I have some containers in ADLS (gen2) and have multiple folders within that container. I would like to have a mechanism to scan those folders to infer their schema and detect partitions and update them in the data catalog. How do I achieve this functionality in Azure?
Sample:
- container1
---table1-folder
-----10-12-1970
-------files1.parquet
-------files2.parquet
-------files3.parquet
-----10-13-1970
-------files1.parquet
-------files2.parquet
-------files3.parquet
-----10-14-1970
-------files1.parquet
-------files2.parquet
----table2-folder
-----zipcode1
-------files1.parquet
-------files2.parquet
-------files3.parquet
-----zipcode2
-------files1.parquet
-------files2.parquet
...
So, what I expect is that in the catalog, it will create two tables (table1 & table2) where table1 will have date-based partitions (3 dates for this case) and have underline data within that table. Same for table2 which will have two partitions and their underline data.

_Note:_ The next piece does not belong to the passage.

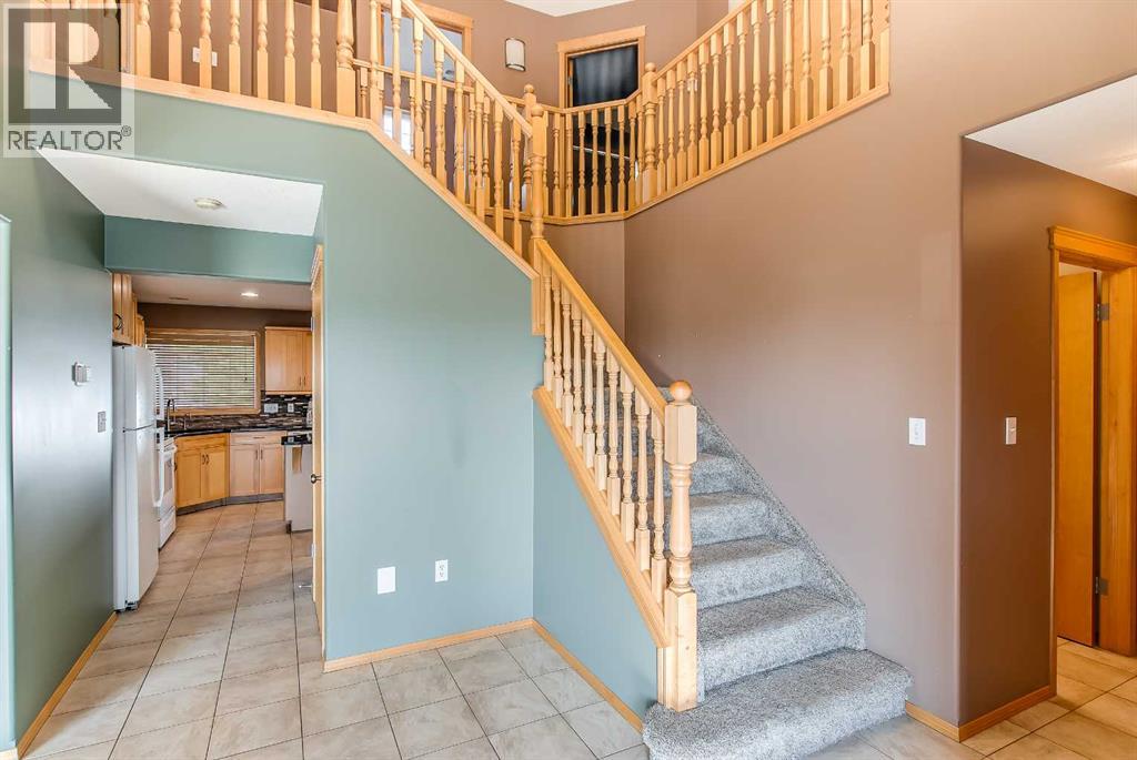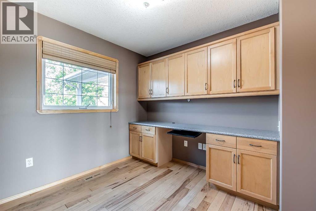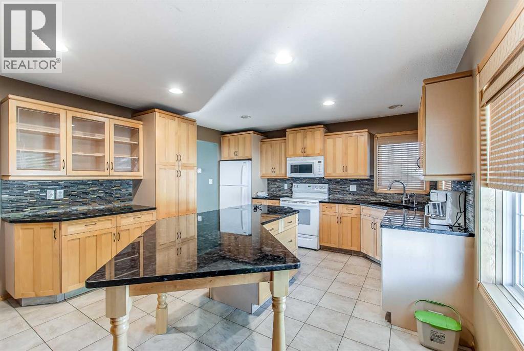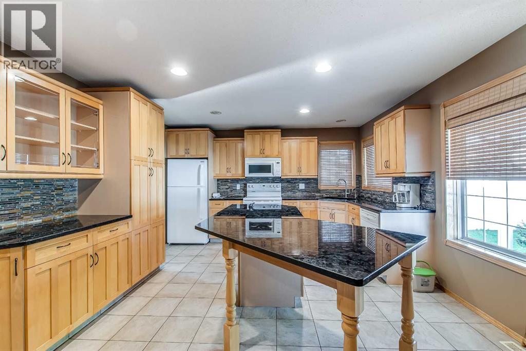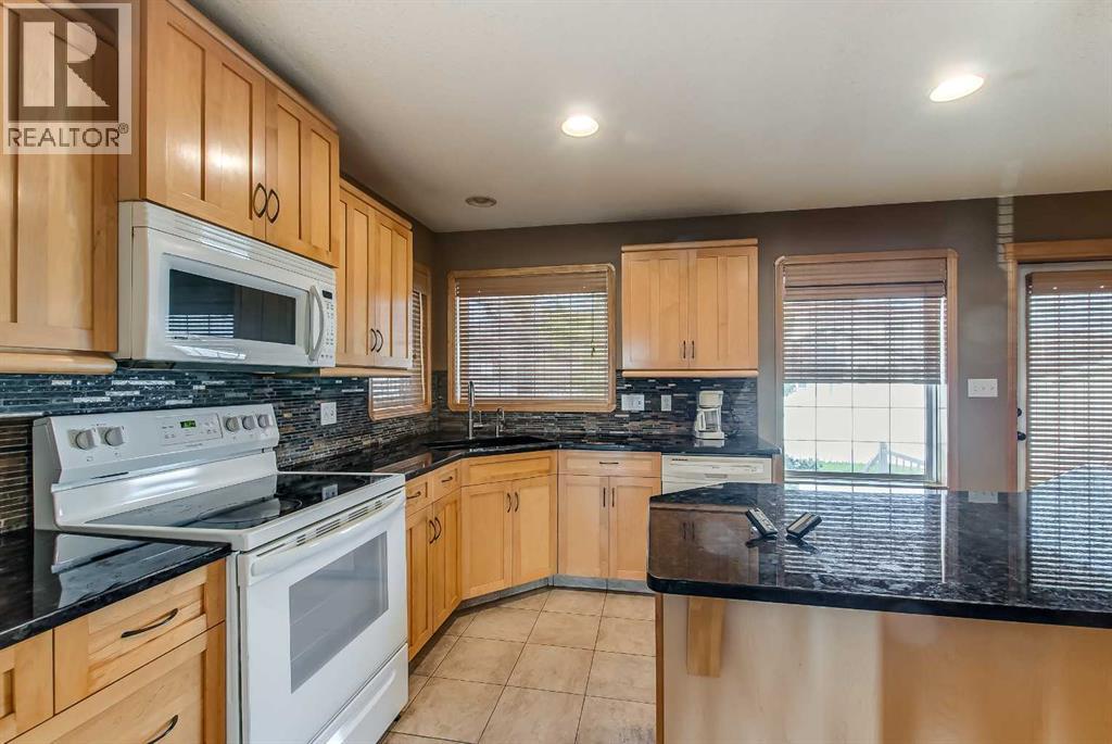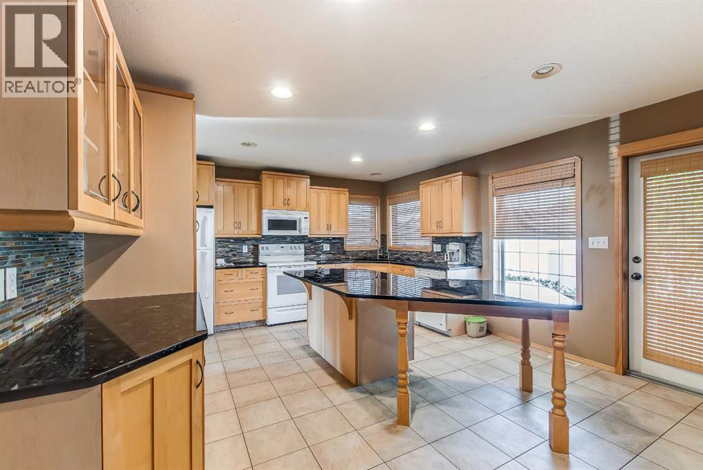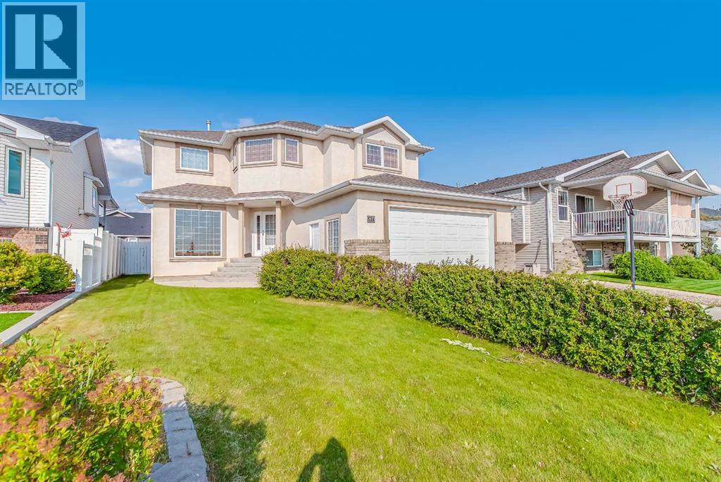 This impressive two-story home offers both elegance and functionality, starting with a grand front entrance that opens to soaring ceilings and a full view of the second floor. Enjoy the peaceful coulee view right from your doorstep! The main floor includes a front living room that flows into a private office with built-in desk and cabinetry—perfect for working from home. The spacious kitchen features an abundance of cabinetry, black granite counter tops, built-in eating space , and a cozy adjacent sitting or dining area with a wood-burning fireplace. You’ll also find a 2-piece bathroom and a well-equipped laundry room with plenty of storage on this level. Upstairs, you’ll find four generously sized bedrooms, two with built-in desks—ideal for kids or homework spaces. The spacious primary bedroom features a full en-suite with a beautiful clawfoot soaker tub and separate shower. A 4-piece main bath completes the upper level. The fully finished basement offers a large family room, a guest bedroom with direct access to the third full bathroom, and a storage room with ample built-in shelving. Additional highlights include a heated double attached garage, a covered back patio with a gas BBQ line, underground sprinklers, and an unbeatable location with scenic views. (id:63190)
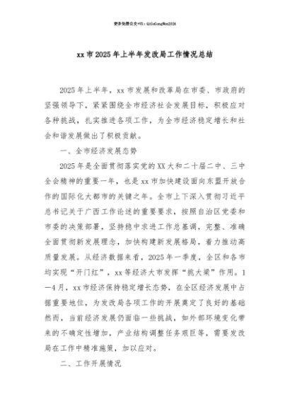 【七哥公文】2025年:【七哥公文】xx市2025年上半年发改局工作情况总结+更多免费公文+VX:QiGeGongWen2024+更多免费公文+VX:QiGeGongWen2024

In the AWS world, I can run a Glue crawler that can crawl these files, infers schemas and partitions, and populate Glue data catalogs, later I can query them through Athena. What's the Azure equivalent approach to achieve something similar?

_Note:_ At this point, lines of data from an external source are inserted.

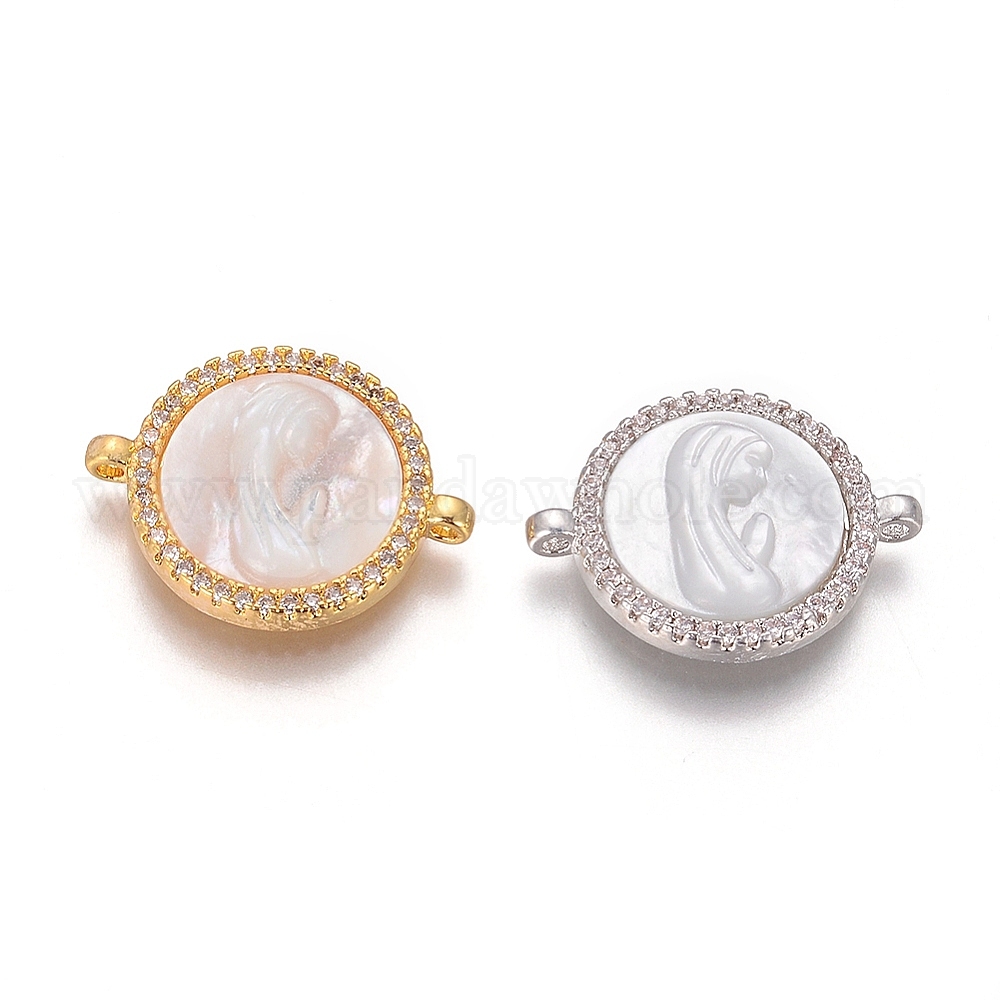 Соединители из латуни с микропаве и кубическим цирконием, с оболочкой, плоские круглые с Девой Марией, прозрачные
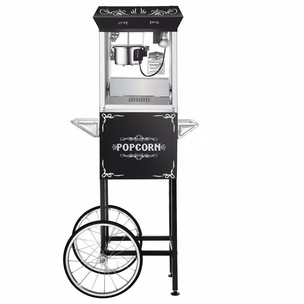 - PRODUCT DETAILS-Material: Metal, Stainless Steel & Polycarbonate Door. Dimensions: 27.5 L x 18 W x 57 H inches; 43lb. Machine: 17.1 L x 14.1 W x 20.8 H inches. Cart: 27.5 L x 18 W x 36.6 H inches. Includes: 3 Plastic Cups, 25 Popcorn Bags & Scoop. 110V 640W ETL Approved.
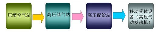 工作过程:压缩空气站----高压储气站------高压配给站-----移动受气设备(高压气动发动机)
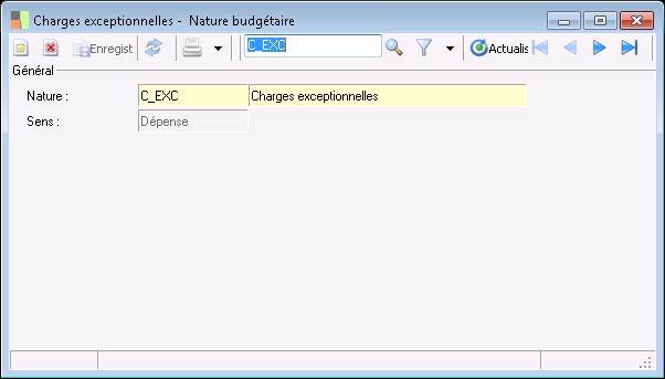 Cet écran de détail vous permet de consulter, modifier ou supprimer les natures existantes, ou bien d'en créer une nouvelle ( Nature budgétaire / Nouveau ).
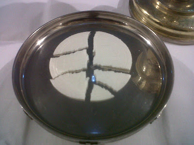 - incluso si esa hostia tiene el pequeño tamaño de las habituales. Perfectamente se puede partir en 5 trozos -con cuidado, con devoción, con amor- más el pequeño trozo que se deposita en el cáliz (el rito de la conmixtio). Volvamos a mirar la foto del artículo:
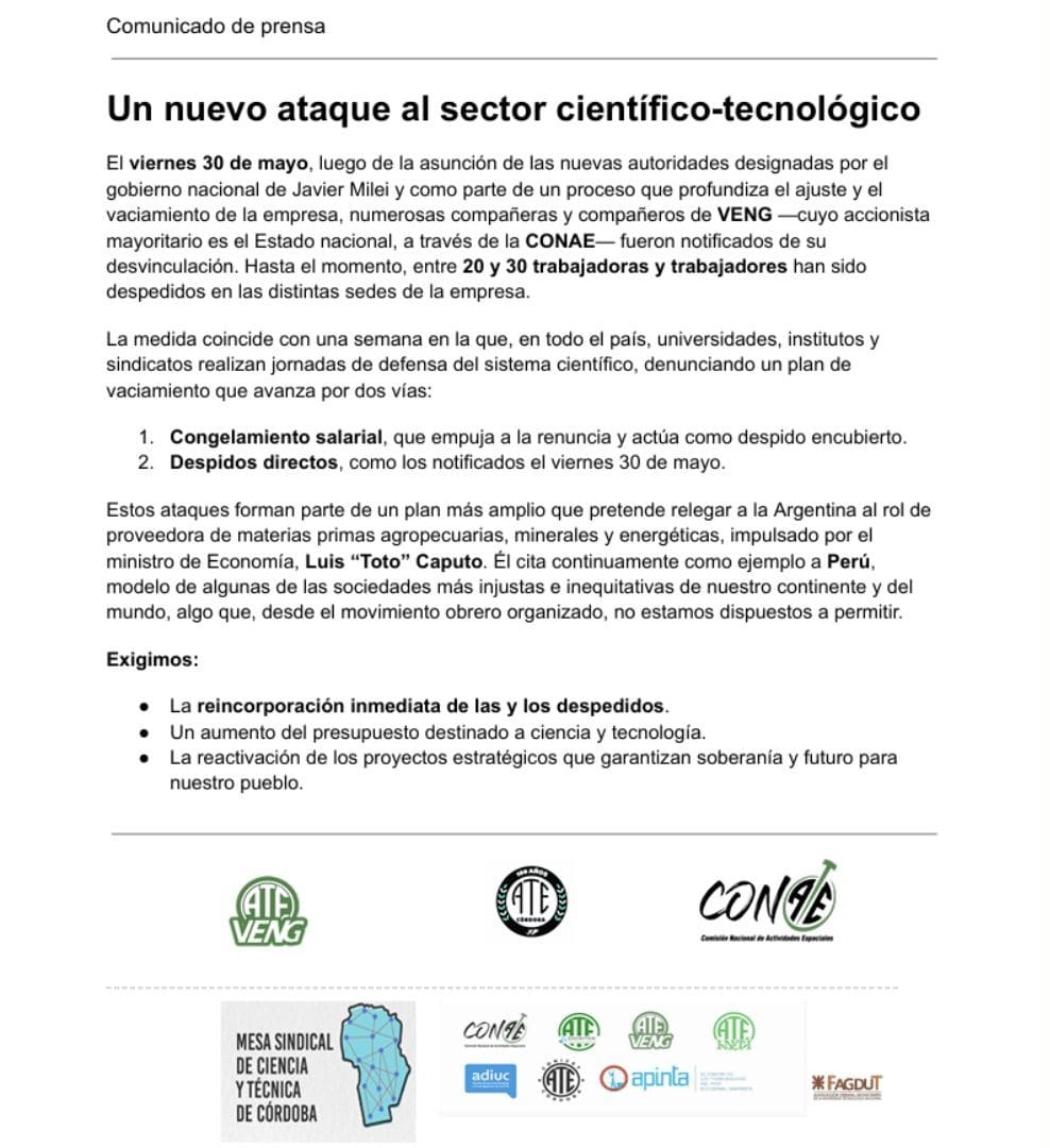 La empresa aeroespacial VENG, vinculada a la Comisión Nacional de Actividades Espaciales (CONAE), enfrenta una crítica situación de despidos de trabajadores, generando una amplia preocupación en el sector aeroespacial argentino. La reciente desvinculación de empleados en su sede de Córdoba, donde al menos 16 trabajadores fueron despedidos el pasado viernes, fue denunciada por la Asociación de Trabajadores del Estado (ATE) como un “plan de vaciamiento” del sector científico y tecnológico estatal.

I would recommend looking at Azure Synapse Analytics Serverless SQL. You can create a view which consumes the folders and does partition elimination if you follow this approach:
-- If you do not have a Master Key on your DW you will need to create one
CREATE MASTER KEY ENCRYPTION BY PASSWORD = '<password>' ;
GO
CREATE DATABASE SCOPED CREDENTIAL msi_cred
WITH IDENTITY = 'Managed Service Identity' ;
GO
CREATE EXTERNAL DATA SOURCE ds_container1
WITH
( TYPE = HADOOP ,
LOCATION = 'abfss://container1@mystorageaccount.dfs.core.windows.net' ,
CREDENTIAL = msi_cred
) ;
GO
CREATE VIEW Table2
AS SELECT *, f.filepath(1) AS [zipcode]
FROM
OPENROWSET(
BULK 'table2-folder/*/*.parquet',
DATA_SOURCE = 'ds_container1',
FORMAT='PARQUET'
) AS f
Then setup Azure Purview as your data catalog and have it index your Synapse Serverless SQL pool.